### ACTION ITEM
Beneath this instruction is a block of data; output from it exactly the lines that run from the one containing "통신비 확대는 소상공인이" through the one containing "George conçu par", inclusive.

### DATASET RECORDS

· · · · ·

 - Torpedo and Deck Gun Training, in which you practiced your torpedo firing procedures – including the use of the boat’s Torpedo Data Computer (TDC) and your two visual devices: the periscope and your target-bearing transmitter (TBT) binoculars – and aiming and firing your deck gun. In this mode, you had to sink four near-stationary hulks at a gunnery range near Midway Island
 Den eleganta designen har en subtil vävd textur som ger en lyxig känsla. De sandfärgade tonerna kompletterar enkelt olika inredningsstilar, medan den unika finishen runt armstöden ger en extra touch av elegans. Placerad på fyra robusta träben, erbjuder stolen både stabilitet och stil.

· · · · ·

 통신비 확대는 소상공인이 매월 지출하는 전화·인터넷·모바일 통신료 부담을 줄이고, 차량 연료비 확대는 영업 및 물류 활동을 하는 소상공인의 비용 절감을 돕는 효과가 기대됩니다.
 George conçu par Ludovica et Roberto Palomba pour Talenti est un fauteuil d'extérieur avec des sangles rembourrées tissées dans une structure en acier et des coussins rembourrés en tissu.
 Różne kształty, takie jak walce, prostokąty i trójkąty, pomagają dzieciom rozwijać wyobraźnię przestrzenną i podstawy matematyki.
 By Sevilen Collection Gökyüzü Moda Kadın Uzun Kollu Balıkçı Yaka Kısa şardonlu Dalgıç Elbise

· · · · ·

### OUTPUT
 통신비 확대는 소상공인이 매월 지출하는 전화·인터넷·모바일 통신료 부담을 줄이고, 차량 연료비 확대는 영업 및 물류 활동을 하는 소상공인의 비용 절감을 돕는 효과가 기대됩니다.
 George conçu par Ludovica et Roberto Palomba pour Talenti est un fauteuil d'extérieur avec des sangles rembourrées tissées dans une structure en acier et des coussins rembourrés en tissu.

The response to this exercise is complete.